Spark源码走读（二） —— Job的提交

最新推荐文章于 2024-08-15 09:20:19 发布

Austing_cai

最新推荐文章于 2024-08-15 09:20:19 发布

阅读量367

点赞数

分类专栏： Spark 文章标签： spark 源码

本文链接：https://blog.csdn.net/cj7749910/article/details/78299871

版权

Spark 专栏收录该内容

3 篇文章 0 订阅

订阅专栏

import org.apache.spark.{SparkConf, SparkContext}

object SparkWordCount{
  def main(args: Array[String]) {
    if (args.length == 0) {
      System.exit(1)
    }

    val conf = new SparkConf().setAppName("SparkWordCount")
    val sc = new SparkContext(conf)

    val file=sc.textFile("xxx")
    val counts=file.flatMap(line=>line.split(" "))
                   .map(word=>(word,1))
                   .reduceByKey(_+_)
    counts.saveAsTextFile("xxx")

  }
}

以上面代码为例，可以顺藤摸瓜看一看Spark如何提交Job。

SparkContext

上面代码首先创建了一个SparkContext对象，然后利用SparkContext对象生成了一个RDD（file），再利用RDD去进行计算，存储。

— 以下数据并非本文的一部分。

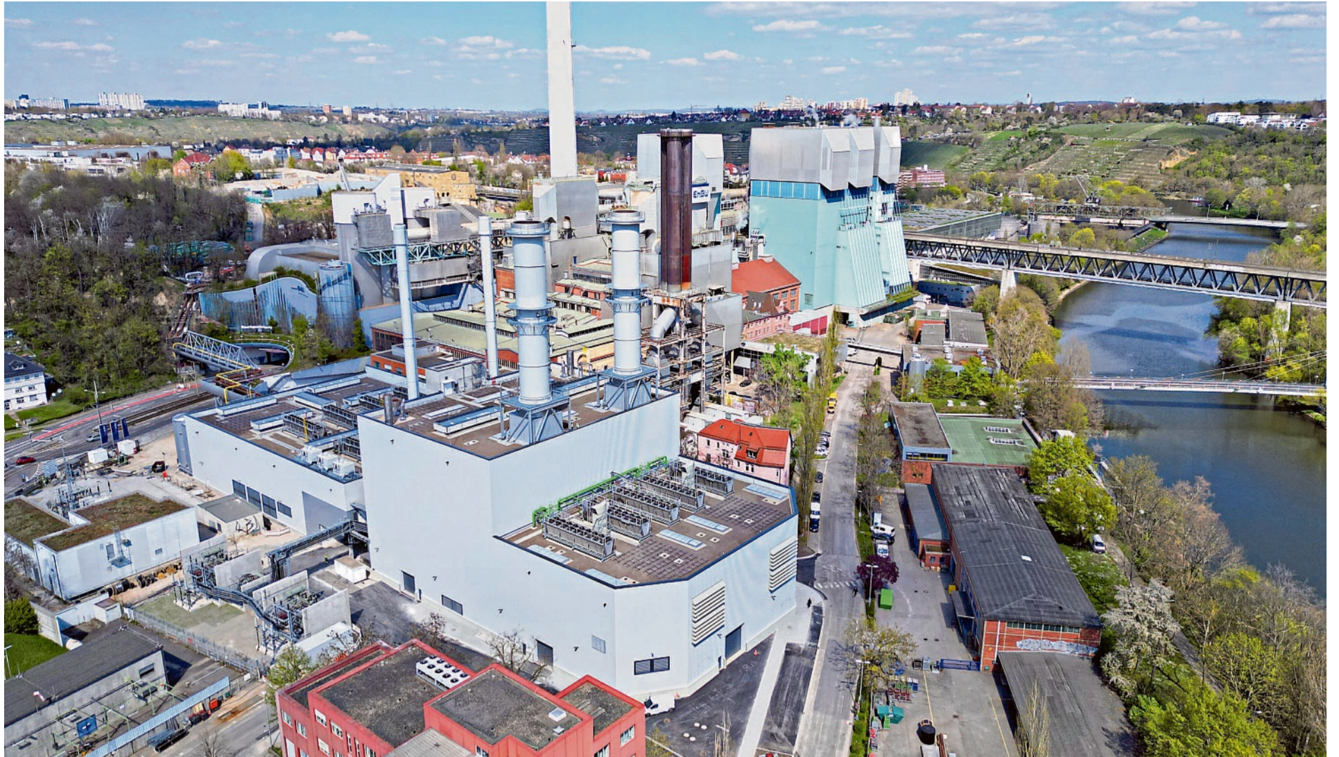
Das Gaskraftwerk des Energieversorgers EnBW in Stuttgart-Münster ist im Frühjahr 2025 in Betrieb gegangen. Das Fuel-Switch-Kraftwerk ist wasserstofffähig und kann neben Erdgas auch klimaneutrale Brennstoffe wie grünen Wasserstoff nutzen. Die Anlage gilt als Vorbild für die geplanten Kraftwerksneubauten.

Der Heizungsstreit hatte sich im Frühsommer 2023 zu einer Regierungskrise entwickelt. Ausgangspunkt war ein von der Ampelkoalition aus SPD, Grünen und FDP beschlossener Entwurf (20/6875) zur Änderung des Gebäudeenergiegesetzes (GEG), den der damalige Wirtschaftsminister Robert Habeck (Grüne) vorgelegt hatte. Anstatt über das Gesetz abzustimmen, kam es am 24. Mai 2023 in einer Aktuellen Stunde im Bundestag zu einem heftigen Schlagabtausch. „Ziehen Sie den Gesetzentwurf zurück! Gehen Sie zurück auf los und fangen Sie (...) noch mal ganz von vorne an, und zwar mit einer Novelle zum Gebäudeenergiegesetz, (...) die wirklich technologieoffen ist – ohne diese Fixierung auf die Wärmepumpe“, forderte Jens Spahn (CDU) in der Debatte. Trotzdem wurde das GEG wenige Monate später verabschiedet, blieb als „Habecks Heizungs-Hammer“ aber Zankapfel. Nachdem die Ampelregierung im November 2024 zerbrochen war und die Union die darauffolgende Bundestagswahl im Februar 2025 gewonnen hatte, schrieben CDU/CSU und SPD in ihrem Koalitionsvertrag: „Wir werden das Heizungsgesetz abschaffen.“ Nun soll das umstrittene Gesetz tatsächlich bald Geschichte sein. Die

可以看出SparkContext是Spark应用的入口，而实际上SparkContext负责与整个Spark集群进行交互，可以创建RDD、accumulators 及广播变量等。官网上SparkContext与其他组件交互图如下：
这里写图片描述

并且官网对上图有个简述：

Spark应用在集群上是作为独立的进程运行的，它们由主程序（Driver Program）中的SparkContext对象去协调
为了把应用运行在集群上，
- SparkContext会连接到几种Cluster Manager（YARN、MESOS、standalone）去给应用分配资源。
- 一旦连接上，Spark将会在Worker节点获取executors，为应用运行计算和存储数据。
- 接下来，它会把应用代码发送给executors（定义成jar包或python文件传递给SparkContext），最终SparkContext把tasks发送给executor运行

由上述描述可见SparkContext作用的重要性。官网上有对上图还有说明几个有用的点：

每个应用都有自己的executor进程，这些进程在应用的整个执行期都存在，且executor中可以采用多线程的方式执行Task。这样做的好处是，应用相互隔离，不仅是调度侧如此（每个driver调度它自己的tasks），还包括executor侧（不同应用的任务运行在不同JVM中）。然而，这也意味着如果不使用外部存储系统，数据不能在多个Spark应用（SparkContext实例）之间共享
Spark不感知底层的cluster manager。只要可以获取executor进程，并且这些进程可以互相通信，即使在支持其他应用的cluster manager（如Mesos/Yarn）上运行也比较容易。
driver program在它的整个生命周期，必须监听和接收来自于它的executors的连接。因此，driver program必须能够从工作节点进行网络寻址。
由于driver在集群上调度任务，所以它应该离worker节点近点，最好是在同一个局域网上运行。如果必须远程发送请求到集群，最好是给driver打开一个RPC，并且就近提交操作，而不是远离工作节点去运行driver。

Spark Job提交流程

RDD的操作分为transformation和action，transformation是惰性计算的，只有遇到action才会开始计算。文章开始的代码中saveAsTextFile是action，代码为：

/**
   * Save this RDD as a text file, using string representations of elements.
   */
  def saveAsTextFile(path: String): Unit = withScope {
    val nullWritableClassTag = implicitly[ClassTag[NullWritable]]
    val textClassTag = implicitly[ClassTag[Text]]
    val r = this.mapPartitions { iter =>
      val text = new Text()
      iter.map { x =>
        text.set(x.toString)
        (NullWritable.get(), text)
      }
    }
    RDD.rddToPairRDDFunctions(r)(nullWritableClassTag, textClassTag, null)
      .saveAsHadoopFile[TextOutputFormat[NullWritable, Text]](path)
  }

直接看方法尾部的saveAsHadoopFile方法，一层层看下去saveAsHadoopFile -> saveAsHadoopDataset，在saveAsHadoopDataset尾部的self.context.runJob开始执行Job，这里的context是SparkContext对象。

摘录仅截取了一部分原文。